[Problem to solve]
From the material below, reproduce exactly the stretch of lines that begins with the line holding "25 坪老屋利用各式細節與配" and ends with the line holding "Los rayos de", skipping the pictures.

(Information provided begins)

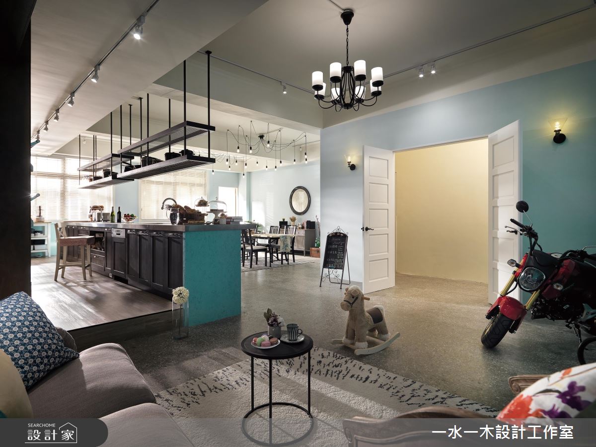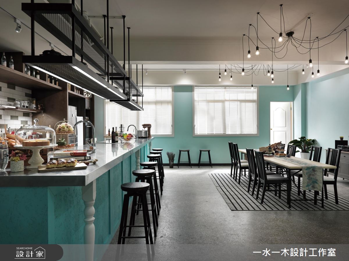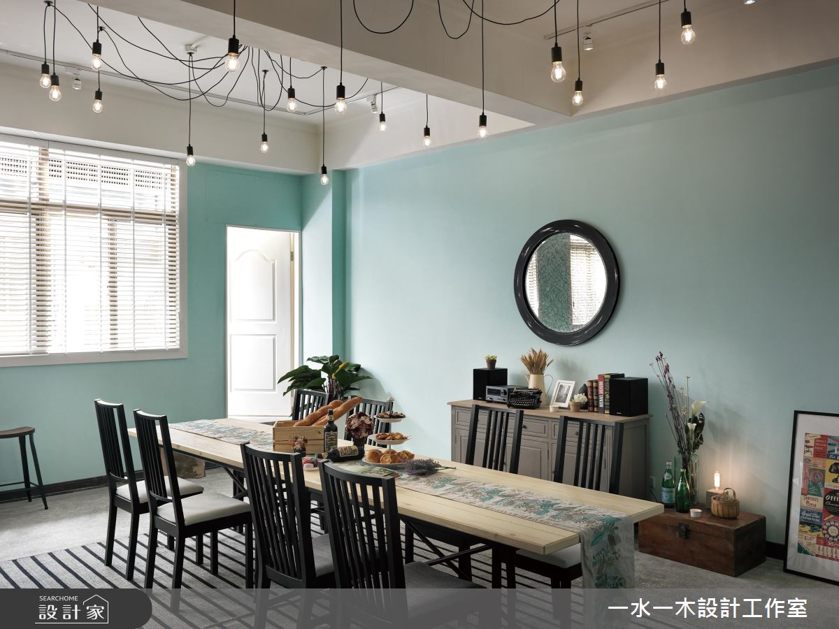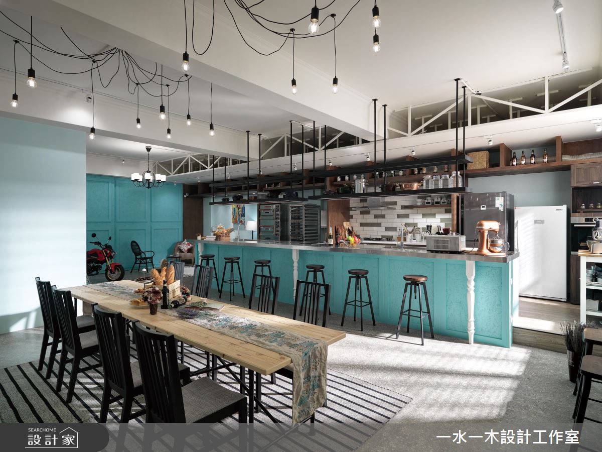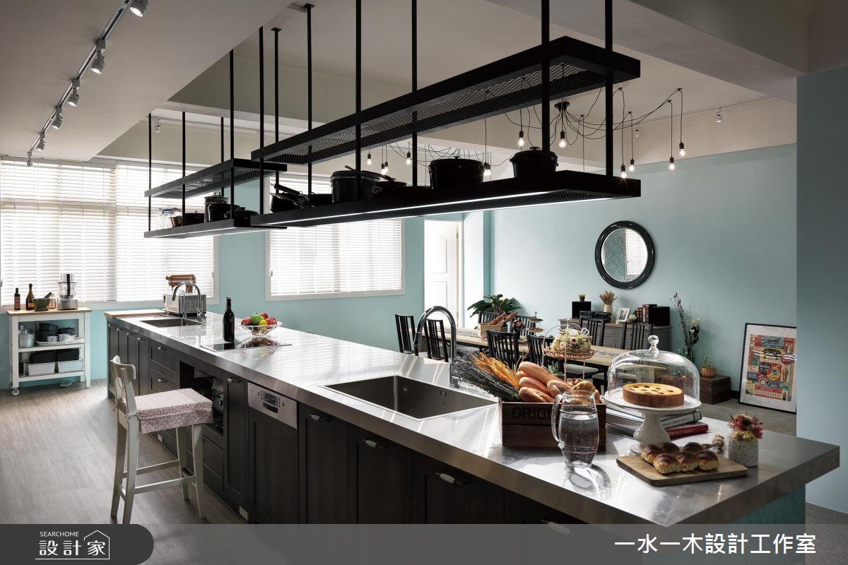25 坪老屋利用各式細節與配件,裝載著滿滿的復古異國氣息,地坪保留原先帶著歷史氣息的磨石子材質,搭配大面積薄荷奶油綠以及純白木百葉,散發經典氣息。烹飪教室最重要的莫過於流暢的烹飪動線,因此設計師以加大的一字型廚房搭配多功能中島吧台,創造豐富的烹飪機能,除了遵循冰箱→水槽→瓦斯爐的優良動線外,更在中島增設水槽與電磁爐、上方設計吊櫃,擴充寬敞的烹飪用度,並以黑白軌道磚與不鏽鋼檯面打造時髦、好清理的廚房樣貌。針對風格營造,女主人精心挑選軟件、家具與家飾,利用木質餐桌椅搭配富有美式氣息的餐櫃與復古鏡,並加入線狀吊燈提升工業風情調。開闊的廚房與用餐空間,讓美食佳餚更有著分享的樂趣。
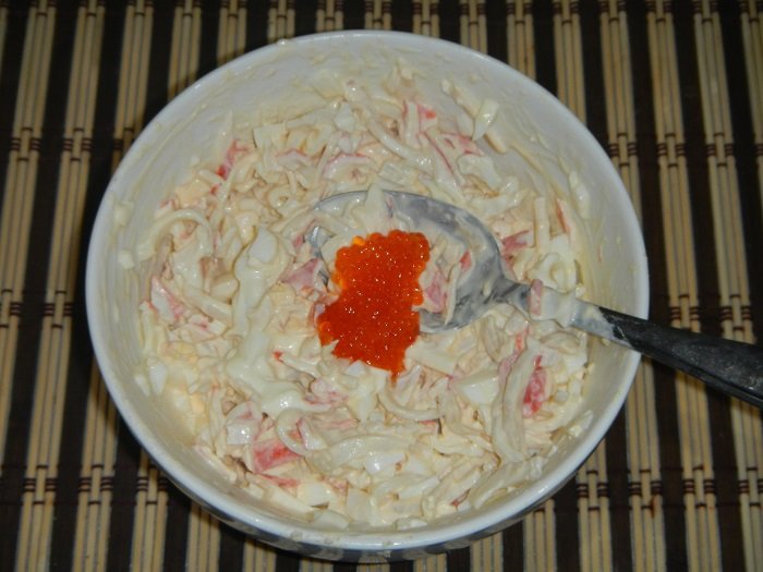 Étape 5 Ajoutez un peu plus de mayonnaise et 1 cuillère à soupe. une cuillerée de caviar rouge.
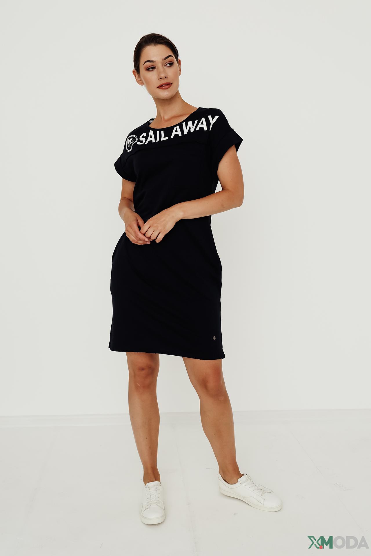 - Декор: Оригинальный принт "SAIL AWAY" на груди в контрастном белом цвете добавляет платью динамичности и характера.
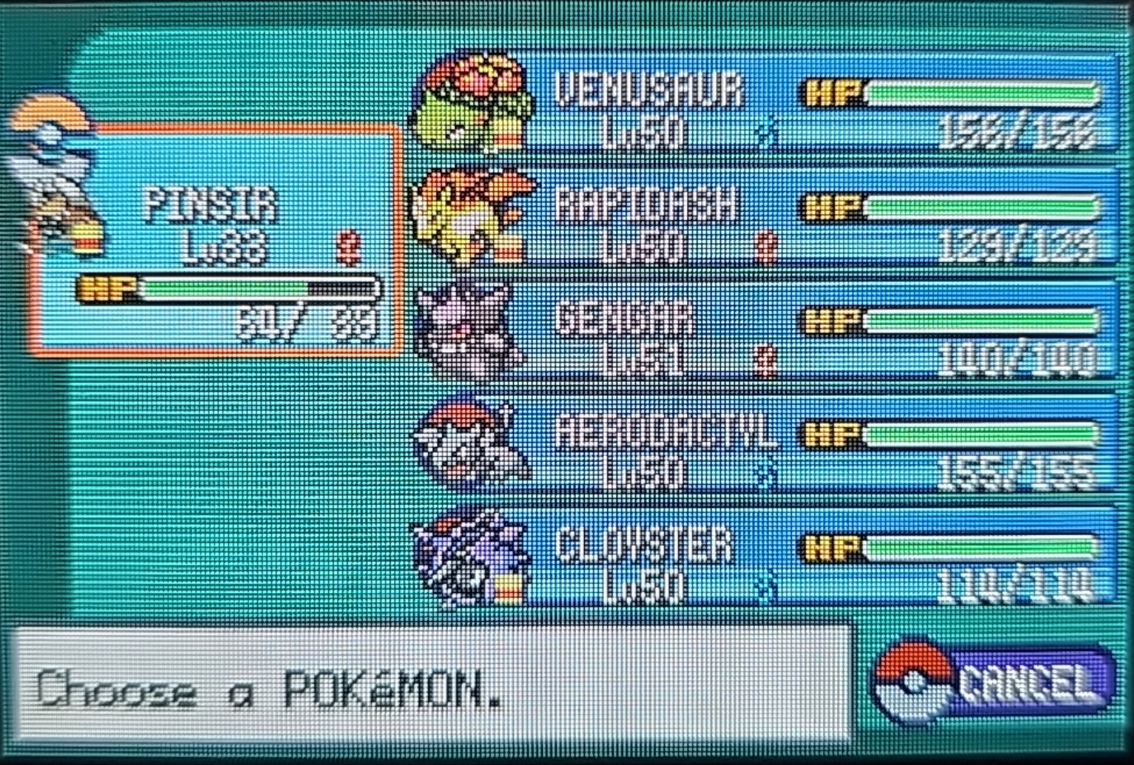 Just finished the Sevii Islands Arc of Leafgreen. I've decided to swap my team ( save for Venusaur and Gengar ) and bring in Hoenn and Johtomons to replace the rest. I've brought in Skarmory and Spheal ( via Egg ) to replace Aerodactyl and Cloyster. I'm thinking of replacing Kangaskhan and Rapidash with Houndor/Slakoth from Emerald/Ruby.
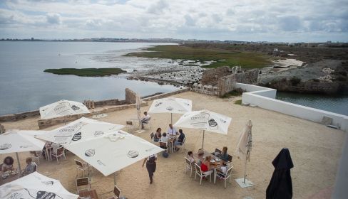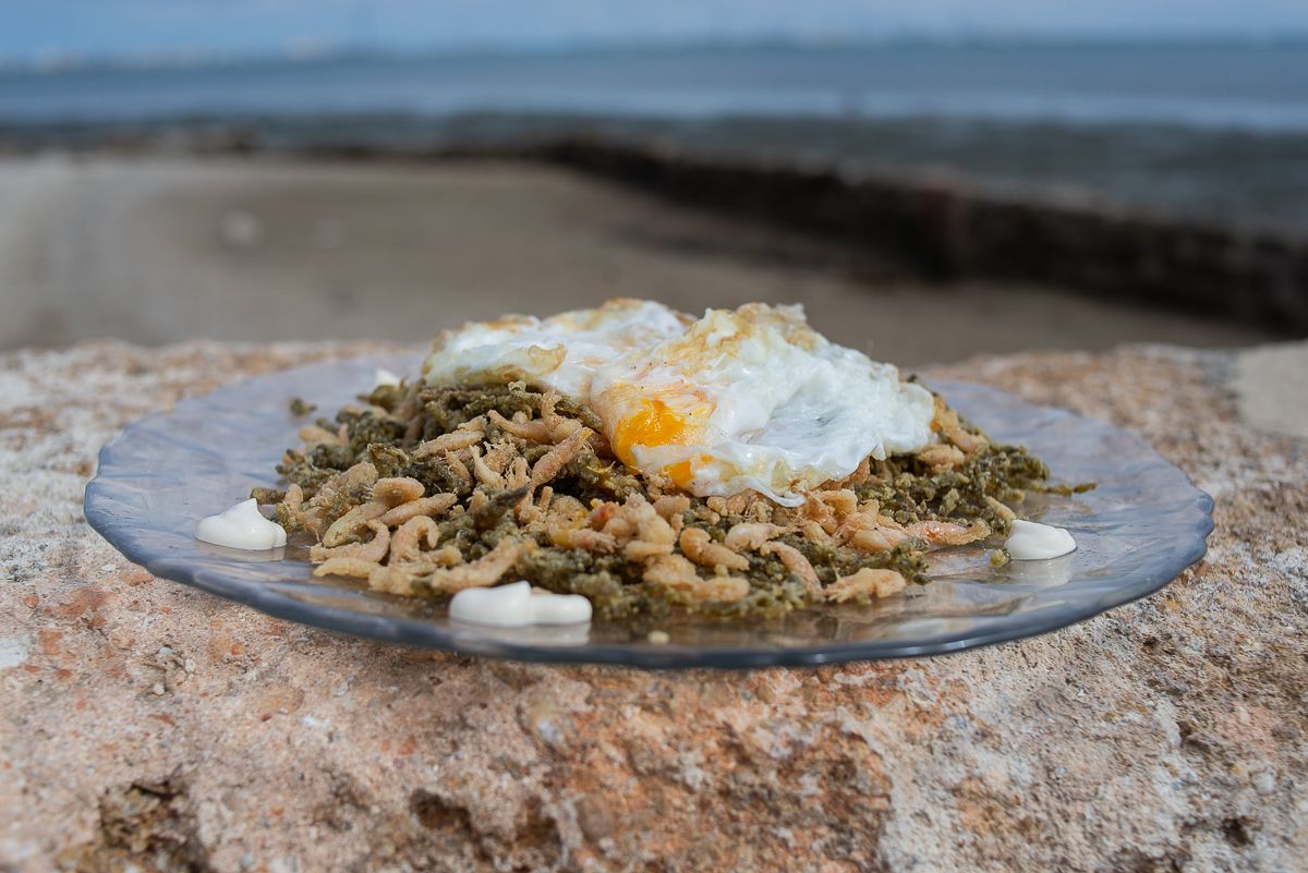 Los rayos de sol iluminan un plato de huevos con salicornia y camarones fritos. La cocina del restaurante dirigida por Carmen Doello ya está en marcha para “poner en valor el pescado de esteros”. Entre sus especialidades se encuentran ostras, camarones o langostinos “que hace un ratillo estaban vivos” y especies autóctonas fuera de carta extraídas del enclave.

(Information provided ends)
(Information provided begins)

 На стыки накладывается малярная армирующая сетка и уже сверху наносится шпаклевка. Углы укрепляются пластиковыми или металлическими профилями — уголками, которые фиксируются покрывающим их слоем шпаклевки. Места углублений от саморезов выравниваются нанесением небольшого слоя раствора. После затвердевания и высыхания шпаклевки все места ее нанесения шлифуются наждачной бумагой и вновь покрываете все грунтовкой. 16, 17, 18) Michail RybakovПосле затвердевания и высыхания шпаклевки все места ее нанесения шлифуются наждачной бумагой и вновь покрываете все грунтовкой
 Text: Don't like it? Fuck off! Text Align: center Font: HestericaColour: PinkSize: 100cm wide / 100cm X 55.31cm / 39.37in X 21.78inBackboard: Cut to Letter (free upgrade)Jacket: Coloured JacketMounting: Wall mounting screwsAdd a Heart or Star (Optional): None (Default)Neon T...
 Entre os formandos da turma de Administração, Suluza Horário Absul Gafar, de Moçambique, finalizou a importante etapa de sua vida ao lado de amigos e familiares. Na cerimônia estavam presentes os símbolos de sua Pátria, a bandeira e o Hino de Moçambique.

(Information provided ends)

[Exercise result]
25 坪老屋利用各式細節與配件,裝載著滿滿的復古異國氣息,地坪保留原先帶著歷史氣息的磨石子材質,搭配大面積薄荷奶油綠以及純白木百葉,散發經典氣息。烹飪教室最重要的莫過於流暢的烹飪動線,因此設計師以加大的一字型廚房搭配多功能中島吧台,創造豐富的烹飪機能,除了遵循冰箱→水槽→瓦斯爐的優良動線外,更在中島增設水槽與電磁爐、上方設計吊櫃,擴充寬敞的烹飪用度,並以黑白軌道磚與不鏽鋼檯面打造時髦、好清理的廚房樣貌。針對風格營造,女主人精心挑選軟件、家具與家飾,利用木質餐桌椅搭配富有美式氣息的餐櫃與復古鏡,並加入線狀吊燈提升工業風情調。開闊的廚房與用餐空間,讓美食佳餚更有著分享的樂趣。
 Étape 5 Ajoutez un peu plus de mayonnaise et 1 cuillère à soupe. une cuillerée de caviar rouge.
 - Декор: Оригинальный принт "SAIL AWAY" на груди в контрастном белом цвете добавляет платью динамичности и характера.
 Just finished the Sevii Islands Arc of Leafgreen. I've decided to swap my team ( save for Venusaur and Gengar ) and bring in Hoenn and Johtomons to replace the rest. I've brought in Skarmory and Spheal ( via Egg ) to replace Aerodactyl and Cloyster. I'm thinking of replacing Kangaskhan and Rapidash with Houndor/Slakoth from Emerald/Ruby.
 Los rayos de sol iluminan un plato de huevos con salicornia y camarones fritos. La cocina del restaurante dirigida por Carmen Doello ya está en marcha para “poner en valor el pescado de esteros”. Entre sus especialidades se encuentran ostras, camarones o langostinos “que hace un ratillo estaban vivos” y especies autóctonas fuera de carta extraídas del enclave.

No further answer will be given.